* [PROBLEM REQUIREMENTS] Using the data that follows, output only the lines from the line with "本網(wǎng)訊 近日,筆" up to and including the line with "Vous cherchez un", exactly, leaving pictures aside.

▼▼▼

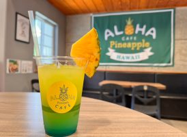 観光者だけではなく、ロコの行列ができるほど人気のカフェなんですよ。パイナップル柄のカラフルな旗が目印です。
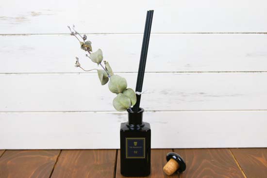 02は柑橘系の香りで爽やかな空間を作ってくれます。 スティックと一緒に付属のユーカリのドライフラワーを挿してお使い下さい。 レモン、グレープフルーツ、ティートゥリーレモン、ローズマリー、マジョラムのエッセンシャルオイルが配合されています。
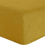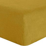 DRAP HOUSSE UNI BÂTON ROUGE EN 100% LIN LAVÉ JAUNE CURRY
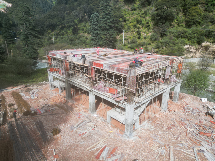 本網(wǎng)訊 近日,筆者走進白玉縣蓋玉鎮(zhèn)沙馬鄉(xiāng)德西村菌類加工廠房和銷售超市建設(shè)現(xiàn)場,一座兩層樓房已具雛形,工人們正有條不紊地開展混凝土澆筑、木板拆卸等作業(yè),一派熱火朝天的繁忙景象。
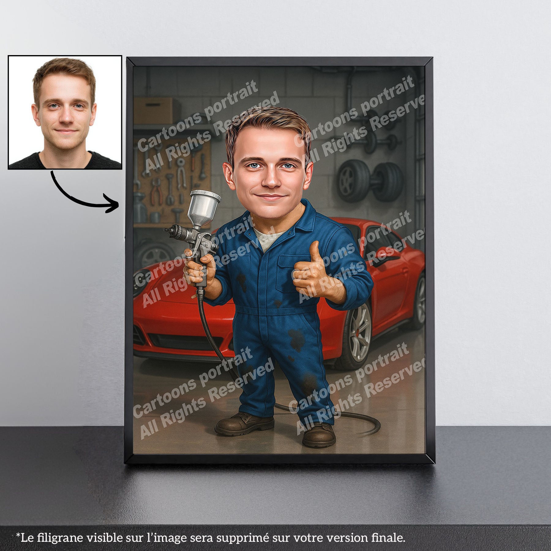Vous cherchez un cadeau pour un carrossier ou une carrossière ? Nos caricatures personnalisées sont le choix parfait ! Transformez une simple photo en un souvenir inoubliable.
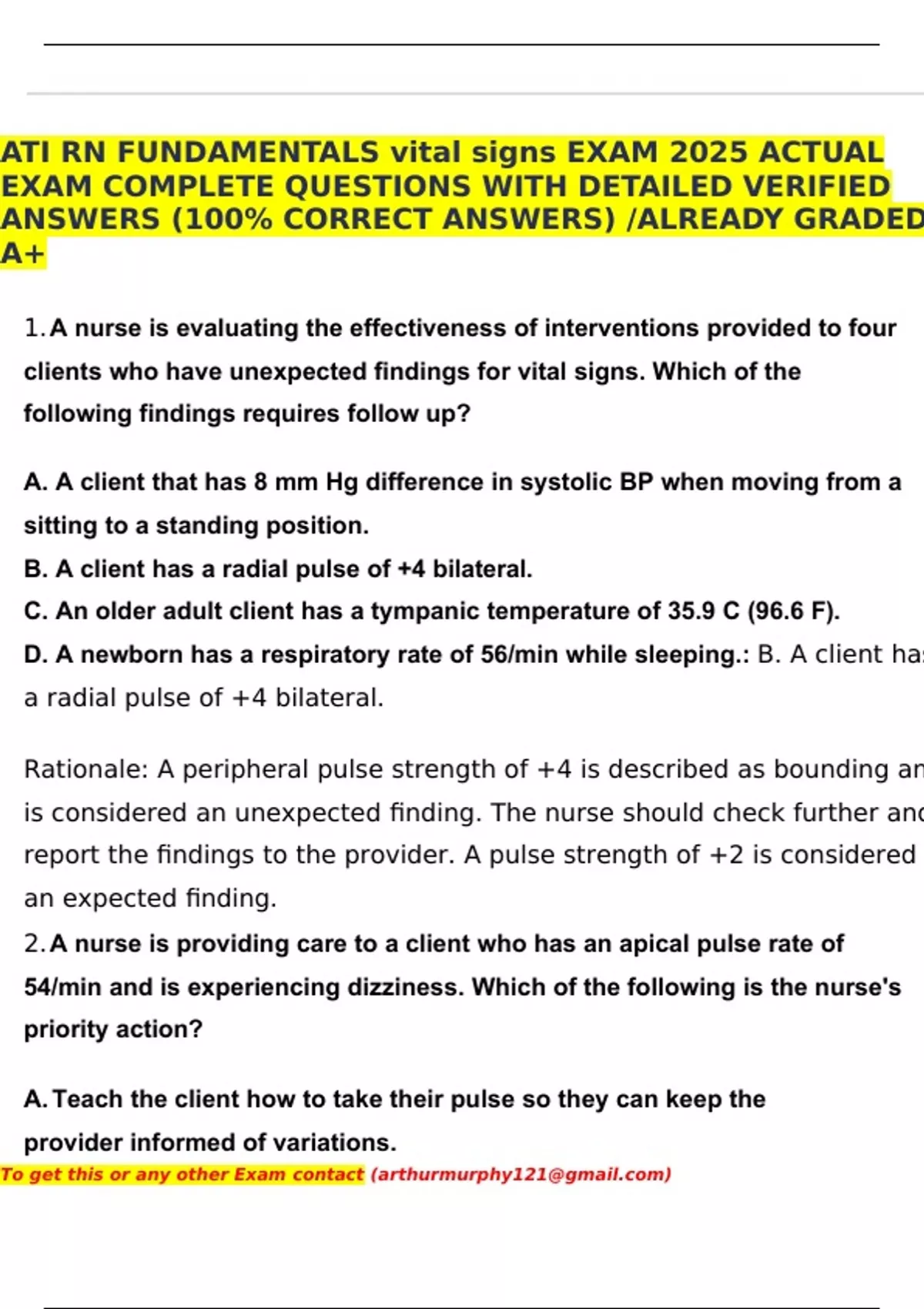 ATI RN FUNDAMENTALS vital signs EXAM 2025 ACTUAL

▲▲▲

* [SOLUTION]
 本網(wǎng)訊 近日,筆者走進白玉縣蓋玉鎮(zhèn)沙馬鄉(xiāng)德西村菌類加工廠房和銷售超市建設(shè)現(xiàn)場,一座兩層樓房已具雛形,工人們正有條不紊地開展混凝土澆筑、木板拆卸等作業(yè),一派熱火朝天的繁忙景象。
Vous cherchez un cadeau pour un carrossier ou une carrossière ? Nos caricatures personnalisées sont le choix parfait ! Transformez une simple photo en un souvenir inoubliable.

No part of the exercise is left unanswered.